_Task directions_
Beginning with the line that holds "2020年新葡的京集团35222vip实验室危险废物信息公示", write out each line exactly as it stands until the end of the data, and include no pictures.

_Dataset section_
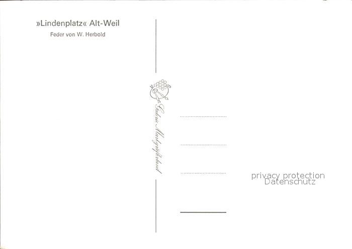 72253673 Alt Weil Rhein Lindenplatz Kirche Federzeichnung von W Herbold Kuenstlerkarte postalisch nicht gelaufen Erhaltung siehe scans KatCode: 11110008336091
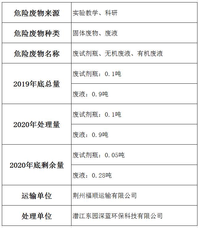 2020年新葡的京集团35222vip实验室危险废物信息公示
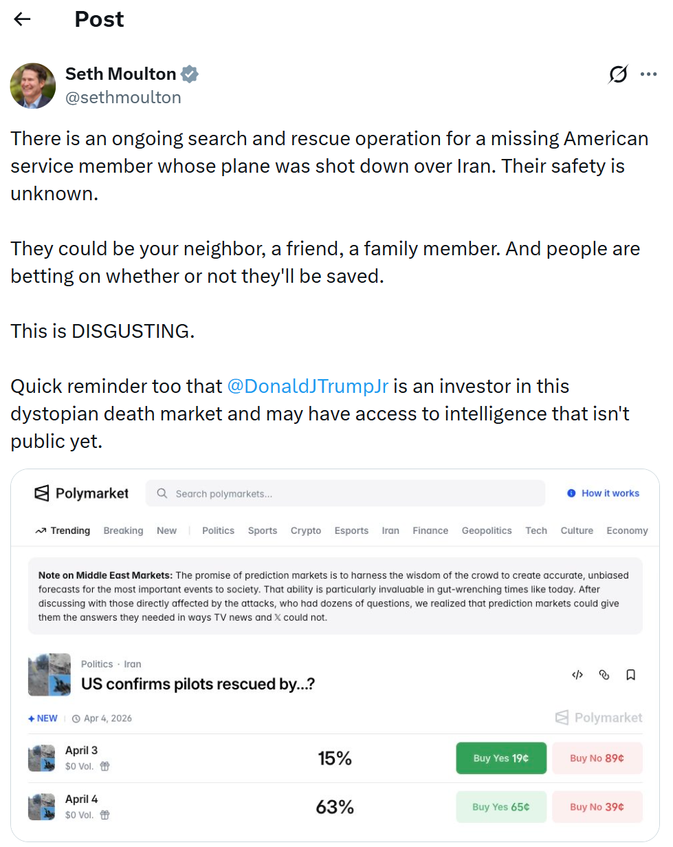 Esse burburinho começou quando surgiu um mercado de previsões que questionava se as autoridades dos EUA confirmariam o resgate de um piloto que teria sido abatido no Irã. A maioria dos usuários (mais de 60%) apostava que ele não seria resgatado até sábado.

_Result for this exercise_
 2020年新葡的京集团35222vip实验室危险废物信息公示
 Esse burburinho começou quando surgiu um mercado de previsões que questionava se as autoridades dos EUA confirmariam o resgate de um piloto que teria sido abatido no Irã. A maioria dos usuários (mais de 60%) apostava que ele não seria resgatado até sábado.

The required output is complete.